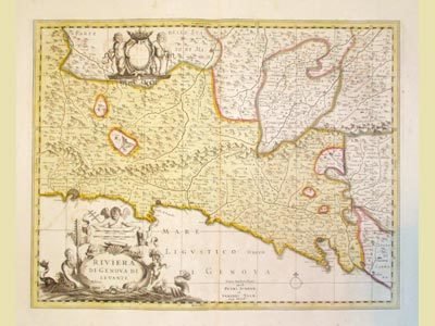 Incisione in rame, coloritura originale d'epoca, mm 380x490. Non comune, decorativa carta, arricchita da due elaborati cartigli. Piacevole carta del territorio, il quale comprende i territori compresi tra Genova e La Spezia. Schenk e Valk fondarono una società editoriale che pubblicò lastre acquistate da editori precedenti. Ottimo esemplare marginoso.<BR>
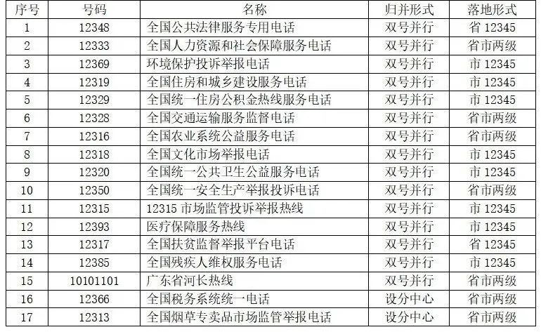 雙號并行保留號碼不保留話務座席的,話務座席整體并入12345熱線。
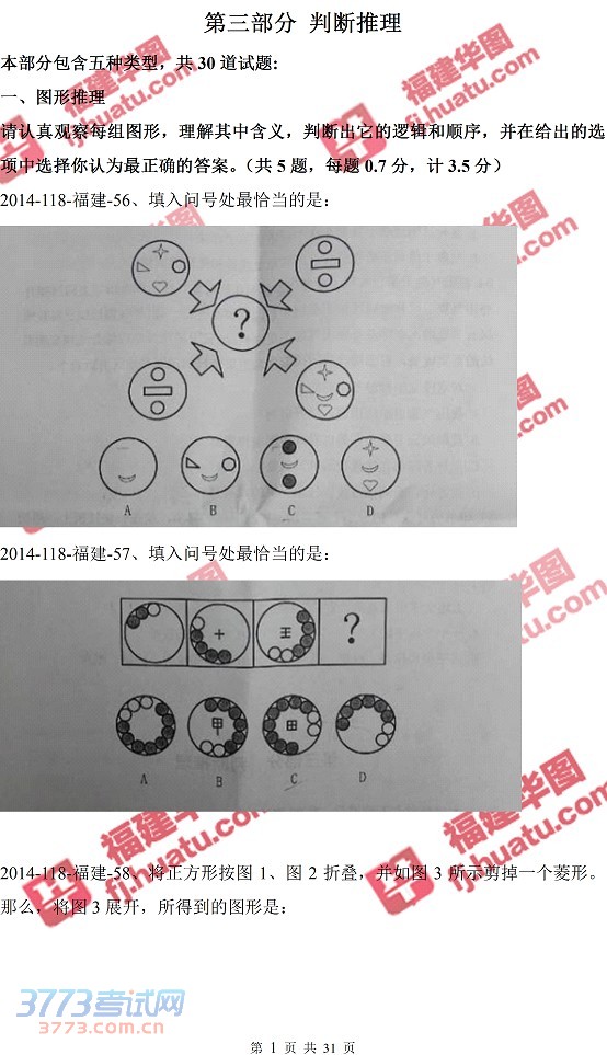 [组图]2014年福建省事业单位(11.8联考)招聘真题:判断推理真题
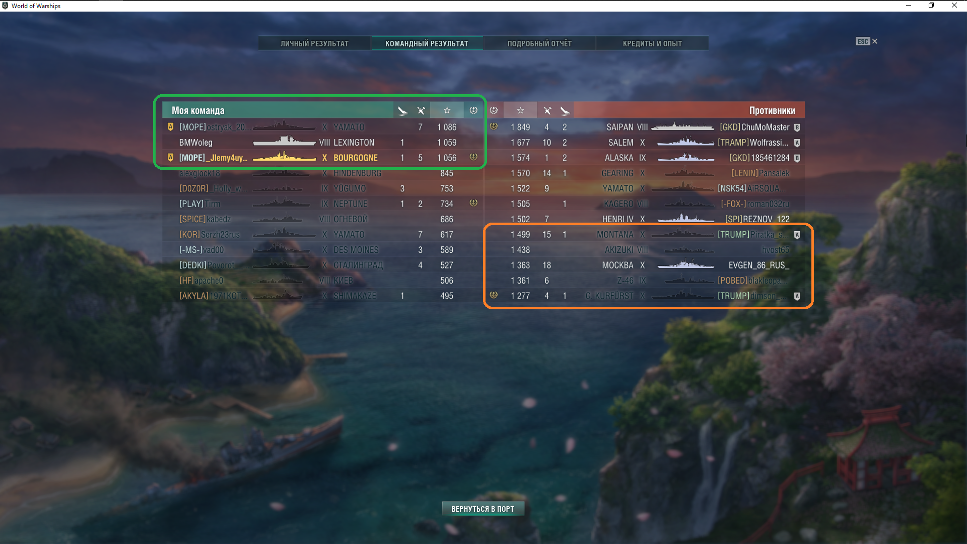737 [MOPE] _JIemy4uy_GoJIJIaHDeC_ Участник 195 публикаций 7 312 боёв Жалоба #48 Опубликовано: 15 май 2019, 05:47:26 (изменено) В 23.03.2019 в 12:55:45 пользователь Rem495 сказал: Угадайте, какие два корабля уничтожил великий флотоводец из клана ТРАМП на Конкероре из красной команды?))) Наши трамповцы мужественно оберегали тылы вначале боя, слив точки и развернувшись бортом к пришедшему соклану. Ямато стрелял вдаль игнорируя красного коня соклана в 7 км и мужественно пал первым. наш Конкерор не отворачивая борт пал вторым. Бой просто слили. Проблема даже не в этих негодяях испортивших игру своей команде, подобного рода грязные делишки возможны там где они возможны..... Вопрос про выход на 1, 2, 3 возникает чуть ли не с основания игры, но увы, он не в приоритете. Так что, Господа и далее будем лицезреть подобных трампов портящих игру всем нам. 20190323_121209_PJSD598-Black-Asashio_38_Canada.wowsreplay Чё-чё? Флотоводцы клана Трамп? Не-не, не слышал. А вот раков от трамп, получающих от наших ребят по щам в рандоме - всегда пожалуйста! Ну например, скрин с нашего сервера: Что-то мне подсказывает, это эти ребята в клановых играют с "запрещённым допингом", раз у них там такие шикарные показатели. Ибо в рандоме мы их топим почти всегда! Они ещё и договорняки устраивают?! Мда.... С игроками этого клана лучше вообще за руку не здороваться...Не хочется пачкать! Изменено 15 май 2019, 05:54:29 пользователем JIyambdazont Рассказать о публикации Ссылка на публикацию
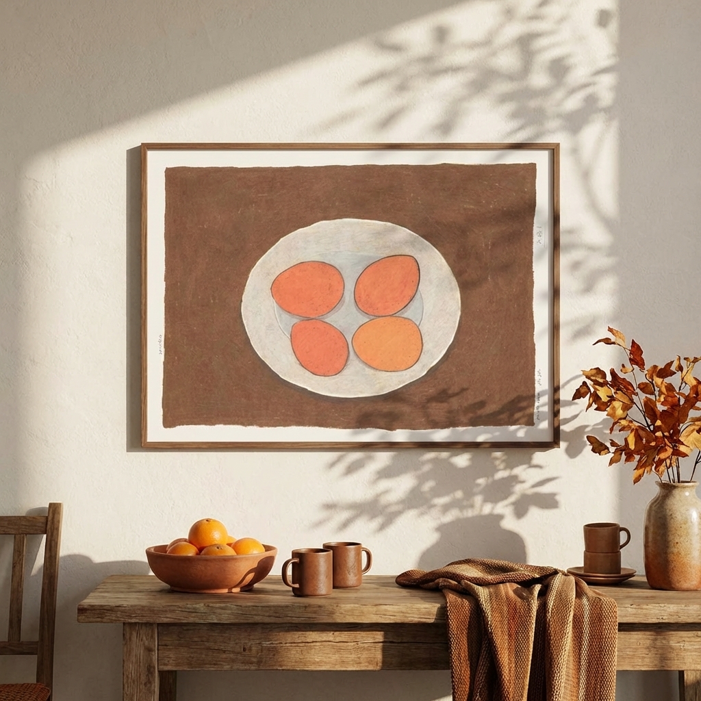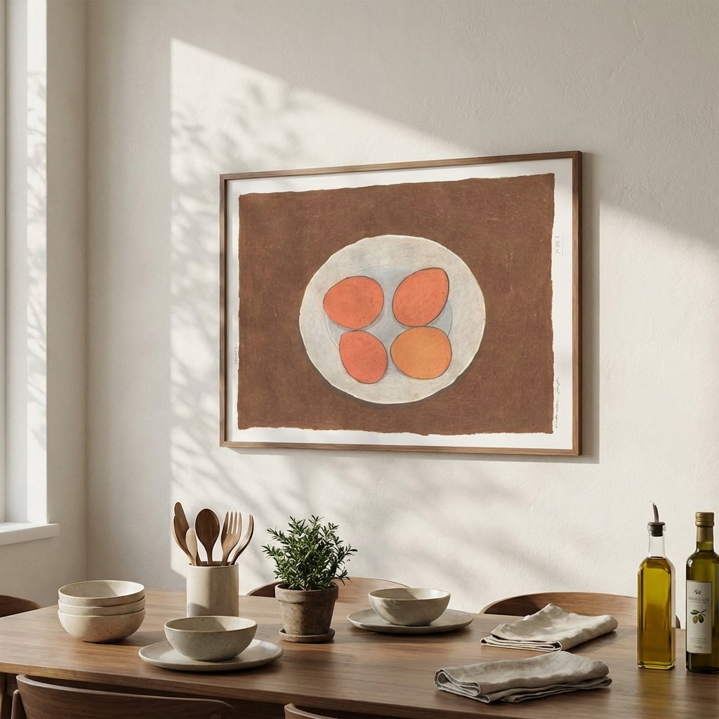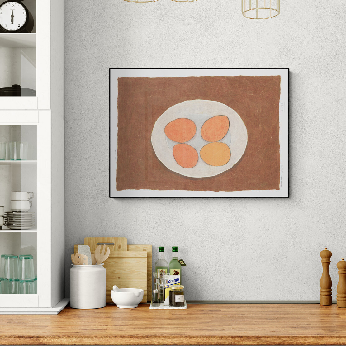 授權的6幅作品,有從袋中滾到廚房桌面上的李子、
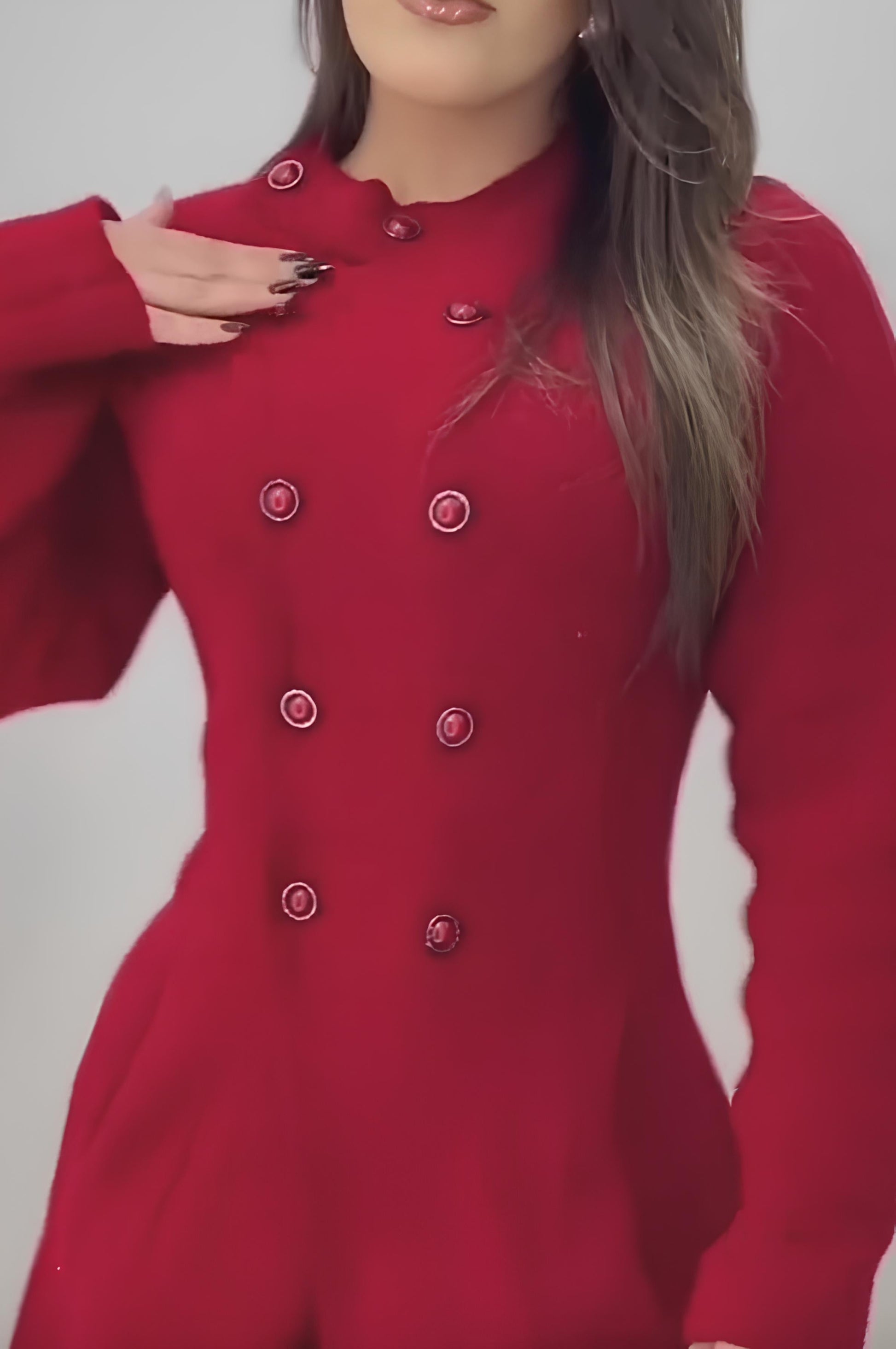 Roter Mantel mit doppelter Knopfleiste – Emilia

_Action item_: Give the lines again exactly, beginning with the first line of the records above and ending with the line that contains "[组图]2014年福建省事业单位(11.8联考)招聘真题:判断推理真题", and include no pictures.

_Exercise response_:
 Incisione in rame, coloritura originale d'epoca, mm 380x490. Non comune, decorativa carta, arricchita da due elaborati cartigli. Piacevole carta del territorio, il quale comprende i territori compresi tra Genova e La Spezia. Schenk e Valk fondarono una società editoriale che pubblicò lastre acquistate da editori precedenti. Ottimo esemplare marginoso.<BR>
 雙號并行保留號碼不保留話務座席的,話務座席整體并入12345熱線。
 [组图]2014年福建省事业单位(11.8联考)招聘真题:判断推理真题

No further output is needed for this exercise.